Information given:
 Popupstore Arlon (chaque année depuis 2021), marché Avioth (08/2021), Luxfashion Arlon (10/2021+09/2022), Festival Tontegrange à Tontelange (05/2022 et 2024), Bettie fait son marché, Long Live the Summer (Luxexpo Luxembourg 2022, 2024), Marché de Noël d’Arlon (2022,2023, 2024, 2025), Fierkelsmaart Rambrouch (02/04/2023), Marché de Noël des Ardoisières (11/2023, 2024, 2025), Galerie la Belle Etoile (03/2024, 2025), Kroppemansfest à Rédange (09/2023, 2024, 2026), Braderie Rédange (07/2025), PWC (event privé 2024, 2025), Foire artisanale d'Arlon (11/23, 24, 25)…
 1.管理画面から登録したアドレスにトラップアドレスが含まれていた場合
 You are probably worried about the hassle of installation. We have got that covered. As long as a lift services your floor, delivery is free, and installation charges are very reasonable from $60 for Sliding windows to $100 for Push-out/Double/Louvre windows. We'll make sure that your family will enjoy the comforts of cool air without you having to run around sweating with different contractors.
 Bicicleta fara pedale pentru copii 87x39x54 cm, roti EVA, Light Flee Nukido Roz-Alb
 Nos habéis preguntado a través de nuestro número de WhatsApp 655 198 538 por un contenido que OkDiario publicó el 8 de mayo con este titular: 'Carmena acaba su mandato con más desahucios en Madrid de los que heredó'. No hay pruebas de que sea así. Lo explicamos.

---

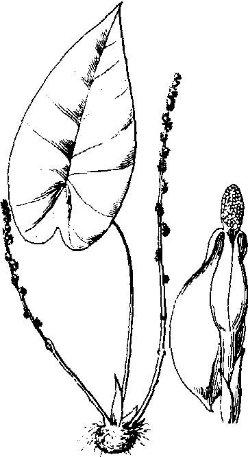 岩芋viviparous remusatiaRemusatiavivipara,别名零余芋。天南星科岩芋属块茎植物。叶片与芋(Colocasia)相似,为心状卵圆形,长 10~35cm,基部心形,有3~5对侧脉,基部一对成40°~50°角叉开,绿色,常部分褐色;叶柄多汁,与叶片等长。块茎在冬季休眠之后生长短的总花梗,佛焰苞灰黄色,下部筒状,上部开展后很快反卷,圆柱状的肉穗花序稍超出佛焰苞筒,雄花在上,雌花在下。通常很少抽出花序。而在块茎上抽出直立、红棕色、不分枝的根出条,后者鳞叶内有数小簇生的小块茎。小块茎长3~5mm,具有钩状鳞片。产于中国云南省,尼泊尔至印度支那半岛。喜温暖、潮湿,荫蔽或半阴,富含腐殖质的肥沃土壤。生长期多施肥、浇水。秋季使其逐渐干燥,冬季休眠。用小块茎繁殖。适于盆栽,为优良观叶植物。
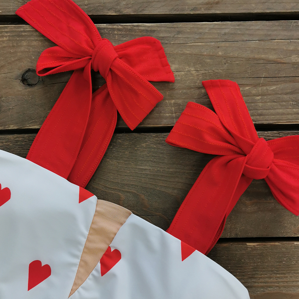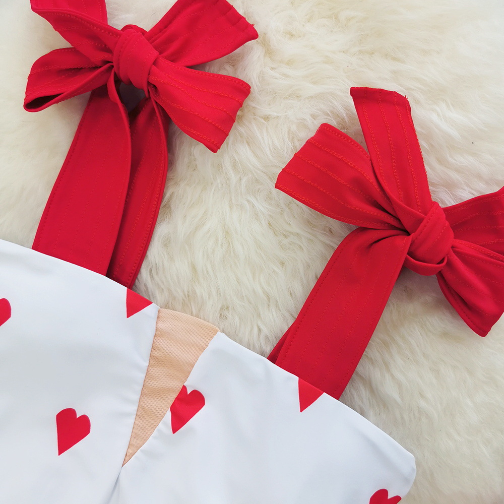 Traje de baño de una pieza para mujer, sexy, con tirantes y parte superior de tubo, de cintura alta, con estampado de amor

Work request: Starting at the line that has "1.管理画面から登録したアドレスにトラップアドレスが含まれていた場合" in the records above, restate word for word every line until the one that has "Nos habéis preguntado", and include that one as well.

Output for this task:
 1.管理画面から登録したアドレスにトラップアドレスが含まれていた場合
 You are probably worried about the hassle of installation. We have got that covered. As long as a lift services your floor, delivery is free, and installation charges are very reasonable from $60 for Sliding windows to $100 for Push-out/Double/Louvre windows. We'll make sure that your family will enjoy the comforts of cool air without you having to run around sweating with different contractors.
 Bicicleta fara pedale pentru copii 87x39x54 cm, roti EVA, Light Flee Nukido Roz-Alb
 Nos habéis preguntado a través de nuestro número de WhatsApp 655 198 538 por un contenido que OkDiario publicó el 8 de mayo con este titular: 'Carmena acaba su mandato con más desahucios en Madrid de los que heredó'. No hay pruebas de que sea así. Lo explicamos.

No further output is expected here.